Records for this exercise
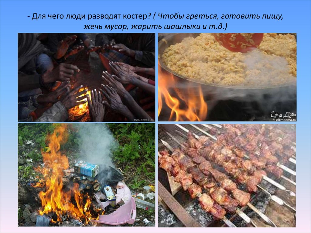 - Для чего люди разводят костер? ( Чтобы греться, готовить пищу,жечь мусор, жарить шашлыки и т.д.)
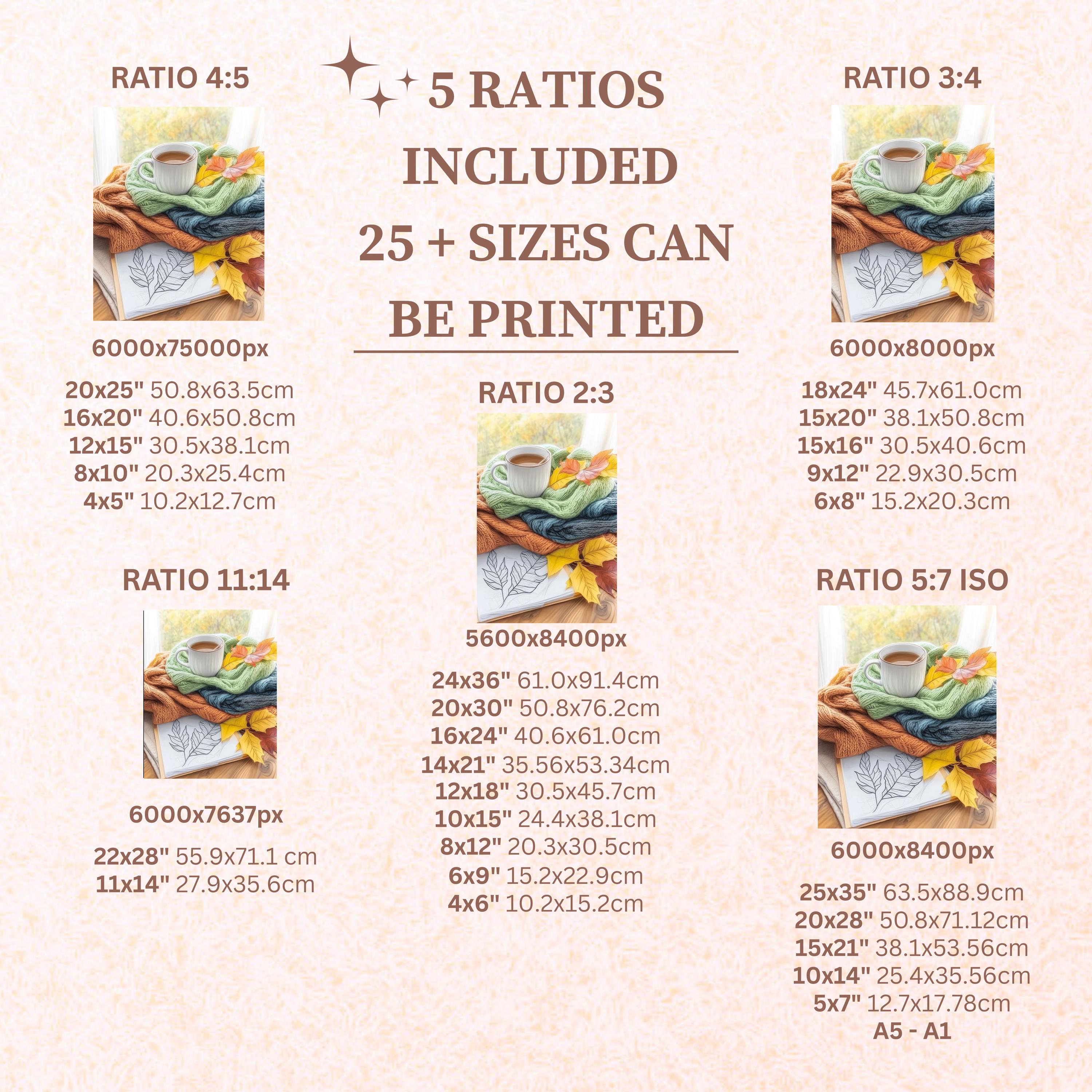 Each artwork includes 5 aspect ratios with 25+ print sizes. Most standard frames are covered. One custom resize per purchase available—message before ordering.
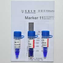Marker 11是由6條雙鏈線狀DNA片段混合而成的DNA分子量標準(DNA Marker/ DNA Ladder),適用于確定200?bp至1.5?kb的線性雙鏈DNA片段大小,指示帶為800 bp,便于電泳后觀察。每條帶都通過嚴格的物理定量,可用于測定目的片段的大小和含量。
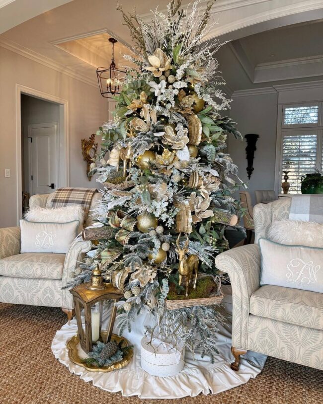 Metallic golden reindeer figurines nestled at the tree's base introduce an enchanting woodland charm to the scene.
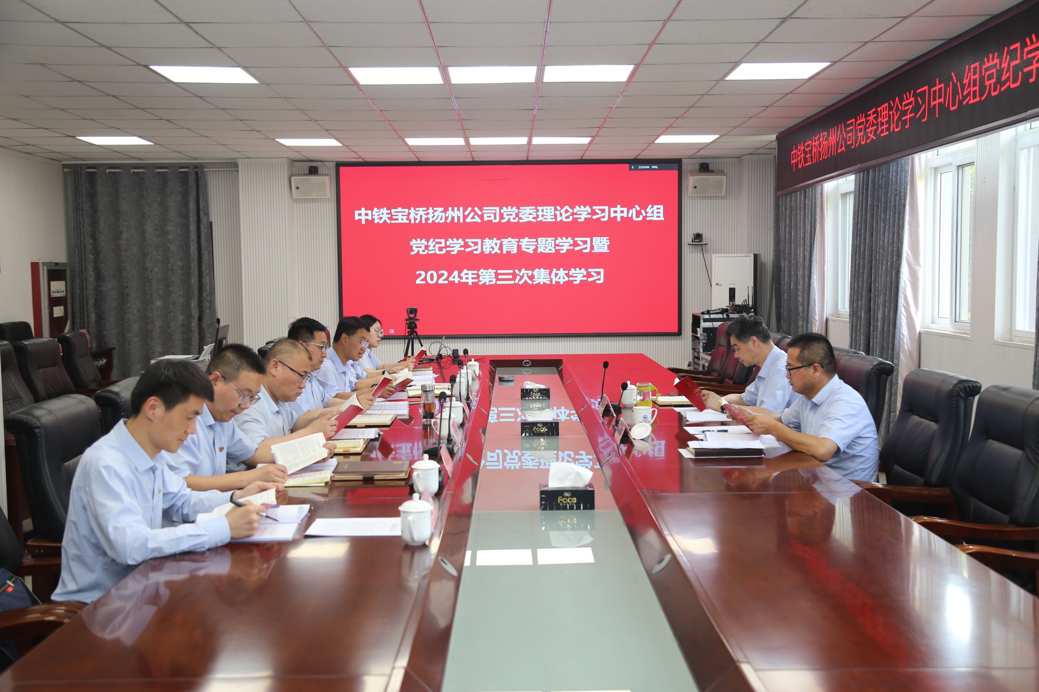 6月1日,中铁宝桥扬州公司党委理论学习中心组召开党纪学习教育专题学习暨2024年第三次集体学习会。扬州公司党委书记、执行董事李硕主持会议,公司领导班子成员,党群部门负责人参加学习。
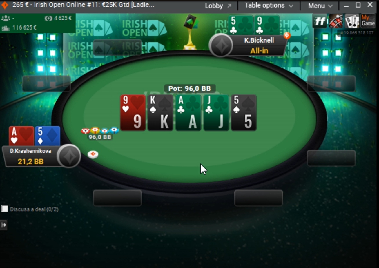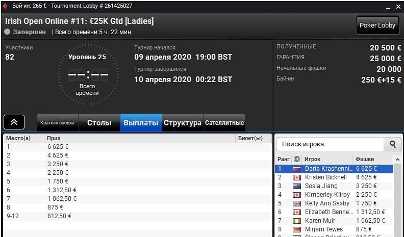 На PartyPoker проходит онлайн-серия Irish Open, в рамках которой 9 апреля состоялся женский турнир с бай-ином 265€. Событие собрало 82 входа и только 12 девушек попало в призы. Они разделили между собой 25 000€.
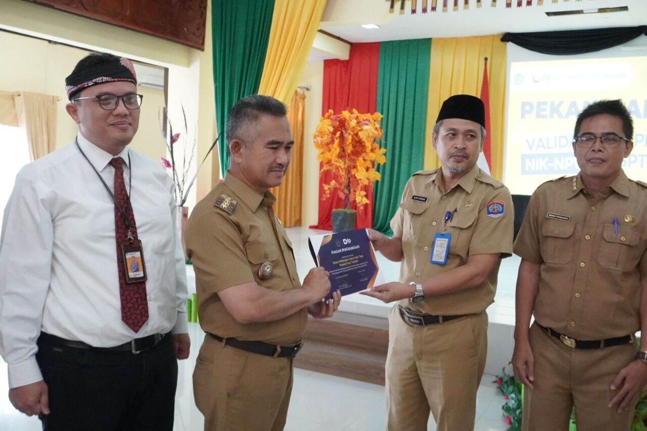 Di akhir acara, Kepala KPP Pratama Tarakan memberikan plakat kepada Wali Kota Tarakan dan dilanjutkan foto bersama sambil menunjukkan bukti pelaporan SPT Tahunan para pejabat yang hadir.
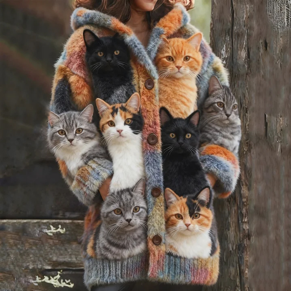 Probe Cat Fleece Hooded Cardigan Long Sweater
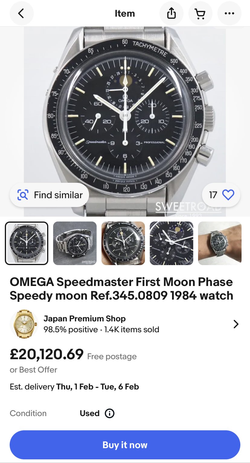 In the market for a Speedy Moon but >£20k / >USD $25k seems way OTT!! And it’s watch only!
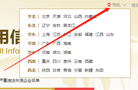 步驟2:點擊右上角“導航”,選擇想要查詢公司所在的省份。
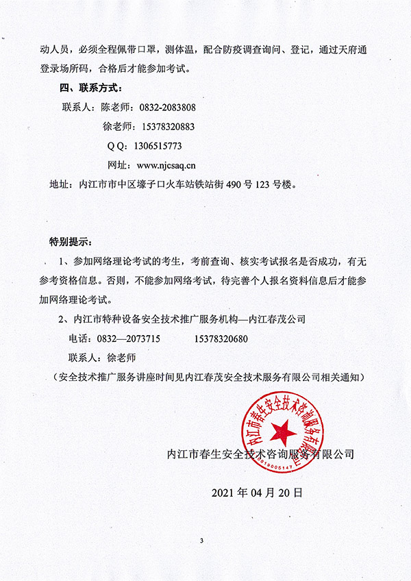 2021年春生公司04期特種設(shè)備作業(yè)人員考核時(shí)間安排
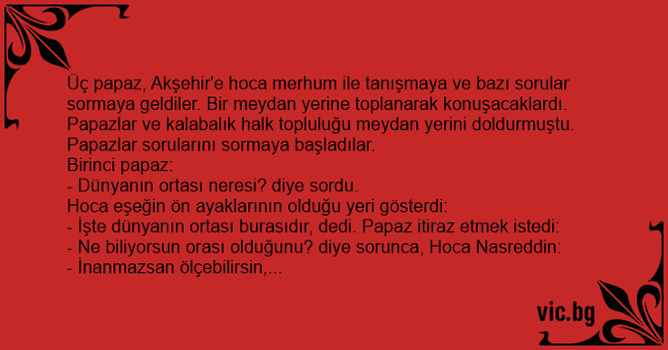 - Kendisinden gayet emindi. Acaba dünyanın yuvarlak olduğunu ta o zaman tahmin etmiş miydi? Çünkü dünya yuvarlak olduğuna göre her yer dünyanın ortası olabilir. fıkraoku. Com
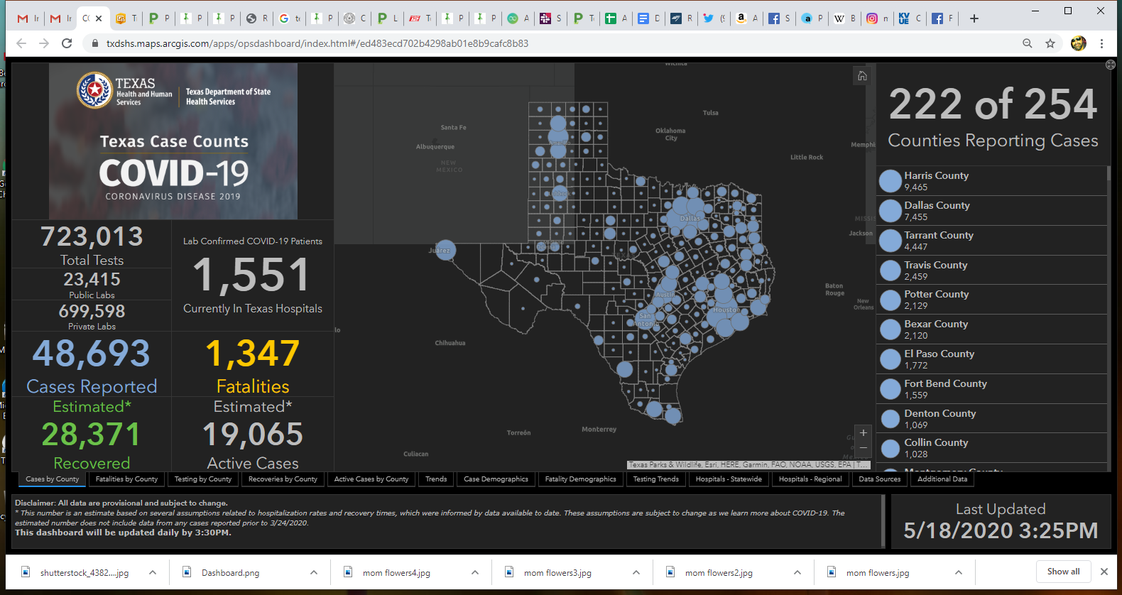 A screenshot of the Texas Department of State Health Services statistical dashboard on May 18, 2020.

---

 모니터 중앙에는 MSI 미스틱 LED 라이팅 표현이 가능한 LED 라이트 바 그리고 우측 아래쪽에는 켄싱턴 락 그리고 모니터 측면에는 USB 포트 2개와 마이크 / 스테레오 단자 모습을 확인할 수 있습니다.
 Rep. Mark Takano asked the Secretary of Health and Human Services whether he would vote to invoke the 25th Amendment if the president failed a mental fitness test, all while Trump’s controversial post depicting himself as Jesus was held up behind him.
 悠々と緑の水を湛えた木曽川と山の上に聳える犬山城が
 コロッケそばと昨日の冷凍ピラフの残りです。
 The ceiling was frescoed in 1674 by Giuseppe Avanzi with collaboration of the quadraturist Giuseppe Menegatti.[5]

Assigned task
What you return must match the lines above from the one with "- Kendisinden gayet" through the one with "A screenshot of" exactly, with both ends included and the pictures excluded.

Problem solution
 - Kendisinden gayet emindi. Acaba dünyanın yuvarlak olduğunu ta o zaman tahmin etmiş miydi? Çünkü dünya yuvarlak olduğuna göre her yer dünyanın ortası olabilir. fıkraoku. Com
 A screenshot of the Texas Department of State Health Services statistical dashboard on May 18, 2020.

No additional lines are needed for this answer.